See, today was Jennifer’s dad’s birthday and him being a golfer and us being so close, relatively speaking, to St. Andrews, we figured a trip to the home of golf would be a little more fun.
A quick stop at tourist information and we had bus and train schedules and a rough plan. Seriously, when you’re in a new place, look for the magic “i” of the tourist information center. These people really know their stuff, plus there’s free maps and discount books for local attractions. So with a schedule in our pocket we headed out to catch the bus for St. Andrews.

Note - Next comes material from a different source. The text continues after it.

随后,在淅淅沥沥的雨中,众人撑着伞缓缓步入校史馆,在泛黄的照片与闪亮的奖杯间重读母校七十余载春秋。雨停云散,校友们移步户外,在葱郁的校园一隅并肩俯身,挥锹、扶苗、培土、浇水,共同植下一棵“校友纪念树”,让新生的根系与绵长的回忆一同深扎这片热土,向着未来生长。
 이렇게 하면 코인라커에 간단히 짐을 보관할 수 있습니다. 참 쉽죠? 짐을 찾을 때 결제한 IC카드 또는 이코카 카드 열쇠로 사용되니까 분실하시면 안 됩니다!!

The ride out was fairly uneventful (except for trying to catch the first bus, only to be told that the bus coming 20 minutes later would get us in 30 minutes earlier – never let it be said Scottish bus drivers aren’t helpful and friendly!) and we were dropped off right near the center of town. What I didn’t realize at the time was that St. Andrews is the name of the town and the course is named for that. Now, were I a fervent Royal Watcher, I would have known that William and Kate had actually met at St. Andrews University here and that would have certainly cleared up any potential embarrassment.
We stopped for a nice lunch at The Doll’s House and then headed off to explore the town. Our first stop was the ruins of the St. Andrews Cathedral. It was a beautiful ruin, combined with a well kept cemetery. In the middle of it all was large bell tower which could be climbed. Problem was that in order to climb you needed a coin from the admission gate. Before I could get a coin, though, a kid walked up and offered me one. I don’t know why. but I took it and made my way up top. Jennifer had decided the climb up the Scott Monument was enough for her when it came to narrow staircases so I was flying solo. From up top, the view was spectacular. You could see the water and almost the whole of the town. I didn’t stay up long, though. There was too much still left to see and do.

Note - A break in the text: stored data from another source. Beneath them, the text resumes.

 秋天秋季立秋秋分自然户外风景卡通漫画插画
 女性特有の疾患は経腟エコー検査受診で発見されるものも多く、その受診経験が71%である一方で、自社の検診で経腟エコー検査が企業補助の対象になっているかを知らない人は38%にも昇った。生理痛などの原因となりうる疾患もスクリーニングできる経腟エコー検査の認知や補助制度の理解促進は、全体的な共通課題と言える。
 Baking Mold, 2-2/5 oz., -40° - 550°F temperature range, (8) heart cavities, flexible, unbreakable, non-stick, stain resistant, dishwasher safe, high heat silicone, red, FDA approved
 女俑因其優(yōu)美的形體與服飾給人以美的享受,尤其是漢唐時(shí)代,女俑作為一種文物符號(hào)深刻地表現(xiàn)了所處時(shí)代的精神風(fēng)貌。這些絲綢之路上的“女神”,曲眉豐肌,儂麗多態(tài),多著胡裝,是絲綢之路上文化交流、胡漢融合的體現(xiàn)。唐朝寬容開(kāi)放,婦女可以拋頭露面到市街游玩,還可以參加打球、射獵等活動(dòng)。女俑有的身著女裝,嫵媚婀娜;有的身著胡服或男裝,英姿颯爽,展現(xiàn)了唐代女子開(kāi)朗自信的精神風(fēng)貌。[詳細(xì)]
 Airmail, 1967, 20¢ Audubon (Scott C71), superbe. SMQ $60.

Jennifer and I met back up and continued our tour around the shore line, passing more ruins and a house where the occupants had placed a bench with a stuffed duck on their yard and invited passers-by to “take a rest.” What a friendly place! Our final stop, before hitting the greens themselves, was the British Golf Museum. We didn’t actually take the tour, but we were able to grab some birthday gifts before heading into the St. Andrews Links.

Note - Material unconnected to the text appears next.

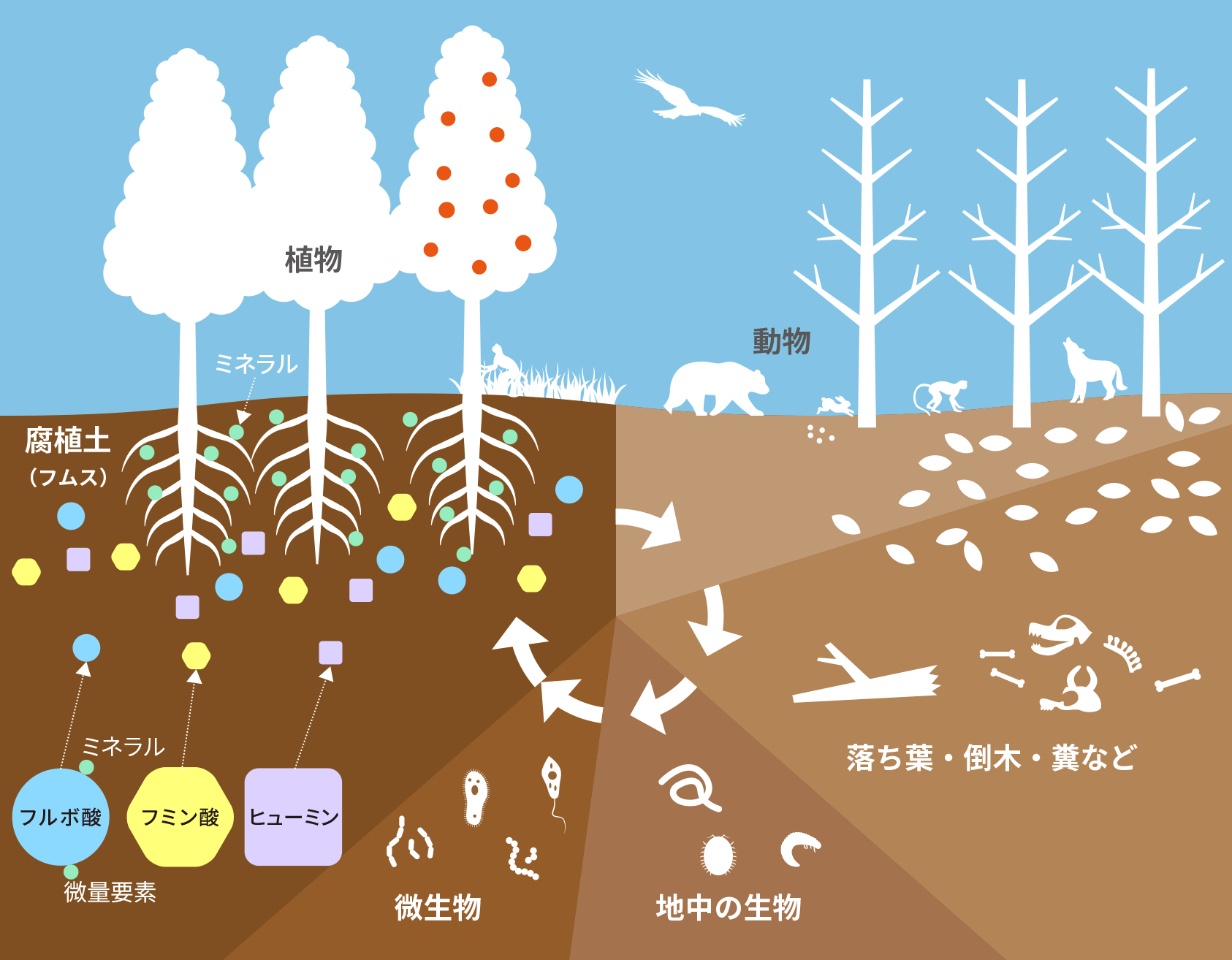 腐植物質とは、枯れた樹木や落ち葉、動物の排泄物・死骸などの有機物を、微生物や菌が分解し、長い年月をかけてできあがるものです。

Our first stop was the clubhouse to record a birthday greeting then it was off to see the Old Course. St. Andrews Links has several course, but the most prestigious is “the Old Course.” To get a tee time on the Old Course, though, is an interesting proposition. The basic way is a lottery, held two days before your desired tee-time. You can also book for the following year when the course opens reservations in September. The other 6 courses can be booked regularly but it’s not cheap in any case.
Now, though, here we were, walking The Links, and someone was asking if we wanted to hit a few balls. Naturally, we said yes. To be fair, it was a charity tournament on the Himalaya putt putt course, but still… for 2 pounds to play St. Andrews can’t be beat! Since we were only a two ball pair, we were teamed up with a father and son team who lived in Aberdeen.
Our day couldn’t have worked out better. Cameron and his father were a great pairing and we had a blast. There were no windmills or drawbridges to get past, but there were some outrageous hills and twice we had to cross the tarmac pathway. Both Jennifer and I proved our lack of ability by really nailing the distance on some of our putts. At one point, Cameron pointed out he’d never “heard anyone yell ‘fore’ on a putt putt course before.” Jennifer also spawned a new twitter hashtag (#toomuchphysics).
In the end, we had to cut out after the 13th hole so we could catch the last bus back to town, leaving our St. Andrews round as “The Unfinished Game.” That said, I still have my scorecard and yes, you bet when I’m talking to golfing friends, I will casually throw in a comment about “that time I played St. Andrews.” I also inadvertently ended up with my ball from the round, which has since found a good home.